DATASET ENTRIES:

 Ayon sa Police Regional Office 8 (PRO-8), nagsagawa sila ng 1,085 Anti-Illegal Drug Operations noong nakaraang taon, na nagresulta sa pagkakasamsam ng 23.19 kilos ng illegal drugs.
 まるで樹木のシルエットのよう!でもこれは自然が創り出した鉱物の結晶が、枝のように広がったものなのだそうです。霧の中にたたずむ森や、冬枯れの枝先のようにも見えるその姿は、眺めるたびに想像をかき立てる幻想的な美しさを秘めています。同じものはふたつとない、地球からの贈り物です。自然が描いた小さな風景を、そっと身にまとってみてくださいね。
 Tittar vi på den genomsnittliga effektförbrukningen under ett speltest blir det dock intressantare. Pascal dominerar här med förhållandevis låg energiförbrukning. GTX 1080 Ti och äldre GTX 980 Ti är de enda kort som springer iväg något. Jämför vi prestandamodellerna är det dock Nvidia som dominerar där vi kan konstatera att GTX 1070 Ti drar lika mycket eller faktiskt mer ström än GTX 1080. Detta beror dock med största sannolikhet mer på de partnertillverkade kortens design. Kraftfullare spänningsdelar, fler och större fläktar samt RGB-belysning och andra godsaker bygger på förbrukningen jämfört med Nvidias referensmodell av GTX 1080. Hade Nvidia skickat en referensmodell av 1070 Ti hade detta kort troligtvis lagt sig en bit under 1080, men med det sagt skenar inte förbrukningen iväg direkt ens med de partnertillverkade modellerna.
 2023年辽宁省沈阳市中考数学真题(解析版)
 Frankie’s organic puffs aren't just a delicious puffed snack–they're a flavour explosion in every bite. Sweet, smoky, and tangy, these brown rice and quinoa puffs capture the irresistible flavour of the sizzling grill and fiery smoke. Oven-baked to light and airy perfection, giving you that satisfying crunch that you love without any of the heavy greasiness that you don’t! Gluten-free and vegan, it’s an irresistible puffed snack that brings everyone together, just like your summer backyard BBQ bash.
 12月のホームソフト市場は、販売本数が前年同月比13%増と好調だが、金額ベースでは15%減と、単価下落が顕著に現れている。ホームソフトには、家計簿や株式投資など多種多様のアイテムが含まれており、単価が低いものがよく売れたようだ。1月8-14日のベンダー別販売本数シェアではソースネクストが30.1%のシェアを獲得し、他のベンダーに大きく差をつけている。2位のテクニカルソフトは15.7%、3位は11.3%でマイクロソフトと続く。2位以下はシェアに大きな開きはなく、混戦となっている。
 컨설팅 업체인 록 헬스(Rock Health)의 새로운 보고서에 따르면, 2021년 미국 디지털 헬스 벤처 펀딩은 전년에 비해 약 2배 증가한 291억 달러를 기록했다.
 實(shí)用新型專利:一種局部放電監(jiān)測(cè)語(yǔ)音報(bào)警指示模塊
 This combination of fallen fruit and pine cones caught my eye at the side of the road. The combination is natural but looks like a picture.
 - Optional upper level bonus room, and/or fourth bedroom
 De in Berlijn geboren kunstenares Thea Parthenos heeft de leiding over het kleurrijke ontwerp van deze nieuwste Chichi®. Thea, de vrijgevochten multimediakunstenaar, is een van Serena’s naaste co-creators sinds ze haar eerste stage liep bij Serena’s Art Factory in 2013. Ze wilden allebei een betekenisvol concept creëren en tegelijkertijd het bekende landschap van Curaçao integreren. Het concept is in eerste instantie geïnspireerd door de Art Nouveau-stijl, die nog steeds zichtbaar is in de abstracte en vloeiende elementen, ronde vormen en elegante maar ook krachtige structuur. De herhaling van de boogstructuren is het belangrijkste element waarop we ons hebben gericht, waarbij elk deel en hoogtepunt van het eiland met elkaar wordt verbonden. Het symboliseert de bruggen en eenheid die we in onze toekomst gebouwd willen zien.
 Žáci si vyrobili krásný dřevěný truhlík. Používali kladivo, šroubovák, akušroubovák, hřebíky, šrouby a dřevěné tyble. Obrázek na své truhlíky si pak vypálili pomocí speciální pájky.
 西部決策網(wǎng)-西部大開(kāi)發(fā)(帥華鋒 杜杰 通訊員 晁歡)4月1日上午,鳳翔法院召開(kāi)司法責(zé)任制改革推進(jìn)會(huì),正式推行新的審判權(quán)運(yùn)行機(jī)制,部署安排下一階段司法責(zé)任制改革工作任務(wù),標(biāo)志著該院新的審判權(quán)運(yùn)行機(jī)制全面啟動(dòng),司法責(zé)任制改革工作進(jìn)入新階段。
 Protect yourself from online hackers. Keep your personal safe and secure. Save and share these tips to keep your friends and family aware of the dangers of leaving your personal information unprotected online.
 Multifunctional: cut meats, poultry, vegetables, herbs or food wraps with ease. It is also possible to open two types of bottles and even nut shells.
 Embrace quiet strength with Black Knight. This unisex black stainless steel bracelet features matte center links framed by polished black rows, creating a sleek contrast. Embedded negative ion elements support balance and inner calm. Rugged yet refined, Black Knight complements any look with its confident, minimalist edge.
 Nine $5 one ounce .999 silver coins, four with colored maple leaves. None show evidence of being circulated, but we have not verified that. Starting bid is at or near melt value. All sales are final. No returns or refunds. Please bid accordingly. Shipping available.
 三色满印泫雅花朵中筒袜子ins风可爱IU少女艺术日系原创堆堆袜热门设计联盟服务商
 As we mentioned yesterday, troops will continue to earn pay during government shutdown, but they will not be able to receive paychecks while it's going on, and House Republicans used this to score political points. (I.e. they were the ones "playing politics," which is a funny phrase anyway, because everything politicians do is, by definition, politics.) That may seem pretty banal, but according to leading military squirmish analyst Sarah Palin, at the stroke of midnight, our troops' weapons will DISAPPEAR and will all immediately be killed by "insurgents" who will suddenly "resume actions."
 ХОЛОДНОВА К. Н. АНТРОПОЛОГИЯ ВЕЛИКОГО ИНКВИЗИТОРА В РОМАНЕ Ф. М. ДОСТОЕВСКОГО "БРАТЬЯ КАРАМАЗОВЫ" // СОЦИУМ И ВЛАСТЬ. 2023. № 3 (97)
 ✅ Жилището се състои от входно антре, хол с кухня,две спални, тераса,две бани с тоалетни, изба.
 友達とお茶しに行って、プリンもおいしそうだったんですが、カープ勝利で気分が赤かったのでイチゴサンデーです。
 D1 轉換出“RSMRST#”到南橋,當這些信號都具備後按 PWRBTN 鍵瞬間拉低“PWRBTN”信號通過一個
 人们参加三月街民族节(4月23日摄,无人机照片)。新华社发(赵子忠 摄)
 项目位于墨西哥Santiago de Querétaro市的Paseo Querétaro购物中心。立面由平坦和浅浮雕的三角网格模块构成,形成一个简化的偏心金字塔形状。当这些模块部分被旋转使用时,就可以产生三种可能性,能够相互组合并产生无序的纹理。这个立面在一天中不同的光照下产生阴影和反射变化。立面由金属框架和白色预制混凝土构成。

EXERCISE BRIEF:
What's needed is every line of the listing, transcribed word for word.

OUTPUT OF THE TASK:
 Ayon sa Police Regional Office 8 (PRO-8), nagsagawa sila ng 1,085 Anti-Illegal Drug Operations noong nakaraang taon, na nagresulta sa pagkakasamsam ng 23.19 kilos ng illegal drugs.
 まるで樹木のシルエットのよう!でもこれは自然が創り出した鉱物の結晶が、枝のように広がったものなのだそうです。霧の中にたたずむ森や、冬枯れの枝先のようにも見えるその姿は、眺めるたびに想像をかき立てる幻想的な美しさを秘めています。同じものはふたつとない、地球からの贈り物です。自然が描いた小さな風景を、そっと身にまとってみてくださいね。
 Tittar vi på den genomsnittliga effektförbrukningen under ett speltest blir det dock intressantare. Pascal dominerar här med förhållandevis låg energiförbrukning. GTX 1080 Ti och äldre GTX 980 Ti är de enda kort som springer iväg något. Jämför vi prestandamodellerna är det dock Nvidia som dominerar där vi kan konstatera att GTX 1070 Ti drar lika mycket eller faktiskt mer ström än GTX 1080. Detta beror dock med största sannolikhet mer på de partnertillverkade kortens design. Kraftfullare spänningsdelar, fler och större fläktar samt RGB-belysning och andra godsaker bygger på förbrukningen jämfört med Nvidias referensmodell av GTX 1080. Hade Nvidia skickat en referensmodell av 1070 Ti hade detta kort troligtvis lagt sig en bit under 1080, men med det sagt skenar inte förbrukningen iväg direkt ens med de partnertillverkade modellerna.
 2023年辽宁省沈阳市中考数学真题(解析版)
 Frankie’s organic puffs aren't just a delicious puffed snack–they're a flavour explosion in every bite. Sweet, smoky, and tangy, these brown rice and quinoa puffs capture the irresistible flavour of the sizzling grill and fiery smoke. Oven-baked to light and airy perfection, giving you that satisfying crunch that you love without any of the heavy greasiness that you don’t! Gluten-free and vegan, it’s an irresistible puffed snack that brings everyone together, just like your summer backyard BBQ bash.
 12月のホームソフト市場は、販売本数が前年同月比13%増と好調だが、金額ベースでは15%減と、単価下落が顕著に現れている。ホームソフトには、家計簿や株式投資など多種多様のアイテムが含まれており、単価が低いものがよく売れたようだ。1月8-14日のベンダー別販売本数シェアではソースネクストが30.1%のシェアを獲得し、他のベンダーに大きく差をつけている。2位のテクニカルソフトは15.7%、3位は11.3%でマイクロソフトと続く。2位以下はシェアに大きな開きはなく、混戦となっている。
 컨설팅 업체인 록 헬스(Rock Health)의 새로운 보고서에 따르면, 2021년 미국 디지털 헬스 벤처 펀딩은 전년에 비해 약 2배 증가한 291억 달러를 기록했다.
 實(shí)用新型專利:一種局部放電監(jiān)測(cè)語(yǔ)音報(bào)警指示模塊
 This combination of fallen fruit and pine cones caught my eye at the side of the road. The combination is natural but looks like a picture.
 - Optional upper level bonus room, and/or fourth bedroom
 De in Berlijn geboren kunstenares Thea Parthenos heeft de leiding over het kleurrijke ontwerp van deze nieuwste Chichi®. Thea, de vrijgevochten multimediakunstenaar, is een van Serena’s naaste co-creators sinds ze haar eerste stage liep bij Serena’s Art Factory in 2013. Ze wilden allebei een betekenisvol concept creëren en tegelijkertijd het bekende landschap van Curaçao integreren. Het concept is in eerste instantie geïnspireerd door de Art Nouveau-stijl, die nog steeds zichtbaar is in de abstracte en vloeiende elementen, ronde vormen en elegante maar ook krachtige structuur. De herhaling van de boogstructuren is het belangrijkste element waarop we ons hebben gericht, waarbij elk deel en hoogtepunt van het eiland met elkaar wordt verbonden. Het symboliseert de bruggen en eenheid die we in onze toekomst gebouwd willen zien.
 Žáci si vyrobili krásný dřevěný truhlík. Používali kladivo, šroubovák, akušroubovák, hřebíky, šrouby a dřevěné tyble. Obrázek na své truhlíky si pak vypálili pomocí speciální pájky.
 西部決策網(wǎng)-西部大開(kāi)發(fā)(帥華鋒 杜杰 通訊員 晁歡)4月1日上午,鳳翔法院召開(kāi)司法責(zé)任制改革推進(jìn)會(huì),正式推行新的審判權(quán)運(yùn)行機(jī)制,部署安排下一階段司法責(zé)任制改革工作任務(wù),標(biāo)志著該院新的審判權(quán)運(yùn)行機(jī)制全面啟動(dòng),司法責(zé)任制改革工作進(jìn)入新階段。
 Protect yourself from online hackers. Keep your personal safe and secure. Save and share these tips to keep your friends and family aware of the dangers of leaving your personal information unprotected online.
 Multifunctional: cut meats, poultry, vegetables, herbs or food wraps with ease. It is also possible to open two types of bottles and even nut shells.
 Embrace quiet strength with Black Knight. This unisex black stainless steel bracelet features matte center links framed by polished black rows, creating a sleek contrast. Embedded negative ion elements support balance and inner calm. Rugged yet refined, Black Knight complements any look with its confident, minimalist edge.
 Nine $5 one ounce .999 silver coins, four with colored maple leaves. None show evidence of being circulated, but we have not verified that. Starting bid is at or near melt value. All sales are final. No returns or refunds. Please bid accordingly. Shipping available.
 三色满印泫雅花朵中筒袜子ins风可爱IU少女艺术日系原创堆堆袜热门设计联盟服务商
 As we mentioned yesterday, troops will continue to earn pay during government shutdown, but they will not be able to receive paychecks while it's going on, and House Republicans used this to score political points. (I.e. they were the ones "playing politics," which is a funny phrase anyway, because everything politicians do is, by definition, politics.) That may seem pretty banal, but according to leading military squirmish analyst Sarah Palin, at the stroke of midnight, our troops' weapons will DISAPPEAR and will all immediately be killed by "insurgents" who will suddenly "resume actions."
 ХОЛОДНОВА К. Н. АНТРОПОЛОГИЯ ВЕЛИКОГО ИНКВИЗИТОРА В РОМАНЕ Ф. М. ДОСТОЕВСКОГО "БРАТЬЯ КАРАМАЗОВЫ" // СОЦИУМ И ВЛАСТЬ. 2023. № 3 (97)
 ✅ Жилището се състои от входно антре, хол с кухня,две спални, тераса,две бани с тоалетни, изба.
 友達とお茶しに行って、プリンもおいしそうだったんですが、カープ勝利で気分が赤かったのでイチゴサンデーです。
 D1 轉換出“RSMRST#”到南橋,當這些信號都具備後按 PWRBTN 鍵瞬間拉低“PWRBTN”信號通過一個
 人们参加三月街民族节(4月23日摄,无人机照片)。新华社发(赵子忠 摄)
 项目位于墨西哥Santiago de Querétaro市的Paseo Querétaro购物中心。立面由平坦和浅浮雕的三角网格模块构成,形成一个简化的偏心金字塔形状。当这些模块部分被旋转使用时,就可以产生三种可能性,能够相互组合并产生无序的纹理。这个立面在一天中不同的光照下产生阴影和反射变化。立面由金属框架和白色预制混凝土构成。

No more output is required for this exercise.